If you think you’ve found a potential security issue, please do not post it in the Issues. Instead, please follow the instructions here or email AWS security directly at [email protected].

On this solution, we will combine AWS services such as Amazon EventBridge, Amazon Simple Queue Service (Amazon SQS), AWS Lambda, and Amazon Simple Notification Service (Amazon SNS) for delivering a simple setup capable of detecting and alerting about an ECS Agent disconnection issue.

As a part of its normal operation the Amazon ECS container agent disconnects and reconnects several times per hour. Considering this, several agent connection events should be expected without necessarily meaning there is an underlying issue going on. These events are not an indication that there is a problem with the container agent nor your container instance, but if the agent is never capable of re-connecting this can indeed be a clear sign of an on-going issue. This monitoring setup makes sure that an alert will be sent whenever the ECS Agent doesn't reconnect.

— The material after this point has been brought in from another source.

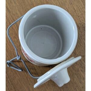 This Vintage Christmas 1987 Cheese Crock Stoneware with Lid & Wire Bale Handle is a charming addition to any farmhouse-style kitchen. Made of ceramic in a solid white and red color scheme with candy canes, this cylinder-shaped crock features a single compartment and a wire bale lid for easy access. With dimensions of 4.5 inches in length and height, this original piece from the 1980s is perfect for storing and displaying holiday treats or decorations. Made in the United States, this collectible item is a nostalgic reminder of Christmas past.
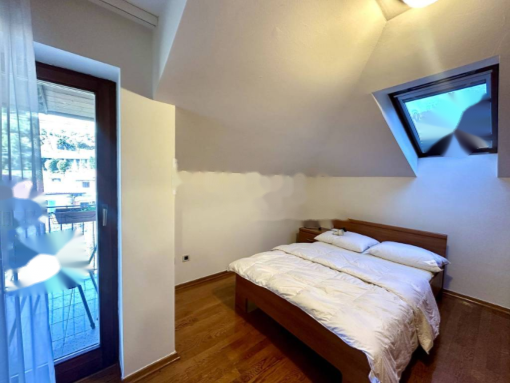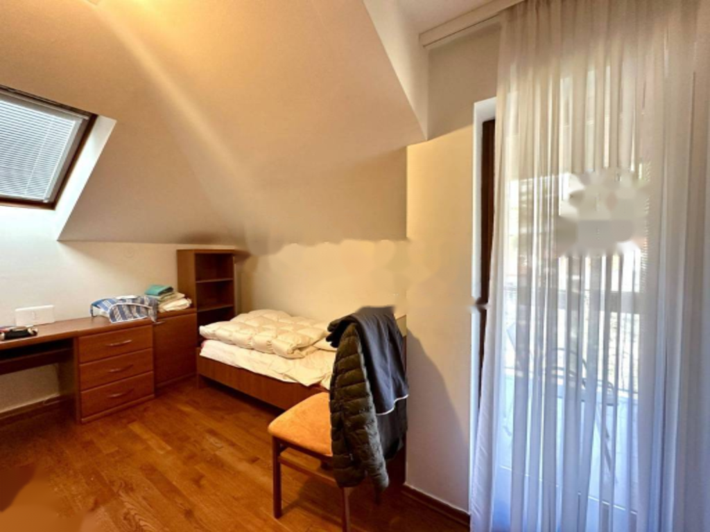 Второй уровень представляет собой мансарду с тремя уютными спальнями и балконом, обращенным на восток. Спальные помещения обеспечивают уединение и покой, что идеально подходит для отдыха. Высокие потолки на этой уровне добавляют ощущения простора. Здесь также расположена вторая ванная комната.

The solution deployment is fully automated with CloudFormation. Before deploying, you will need to pack the templates, a process that will upload local artifacts to an S3 bucket. This will consolidate the project templates for seamlessly deploying the solution.

Regarding the parameters, you will find self explanatory comments and parameter definitions while deploying the solution through the AWS Web Console.

1. Locate an S3 bucket, where CloudFormation templates will be stored. This Bucket must be in the same region were you will deploy the solution. If using Linux or MacOS, you can export the variables for smooth usage:

export the_region=<your-aws-region>
export the_bucket=<your-selected-s3-bucket>

2. Clone the repository

git clone https://github.com/aws-samples/amazon-ecs-agent-connection-monitoring

... or download it directly as a zip.

3. Step into the repository folder

cd amazon-ecs-agent-connection-monitoring

• Package ...

aws --region=$the_region cloudformation package --template-file ./ecs-agent-monitoring.yaml --s3-bucket $the_bucket --output-template-file packaged-ecs-agent-monitoring.yaml

• Deploy ...

You can use the AWS Web console to deploy! Upload the packaged-ecs-agent-monitoring.yaml file. Alternatively, you can deploy via CLI as well:

aws --region=$the_region cloudformation create-stack \
       --template-body file://packaged-ecs-agent-monitoring.yaml \
       --stack-name <the-stack-name> \
       --disable-rollback \
       --capabilities CAPABILITY_AUTO_EXPAND CAPABILITY_NAMED_IAM

The monitoring setup is provisioned via CloudFormation. This will allow you to seamlessly deploy the required components with almost zero touch configuration. For the sake of understanding the different components and internals of the design, please refer to the architecture diagram below.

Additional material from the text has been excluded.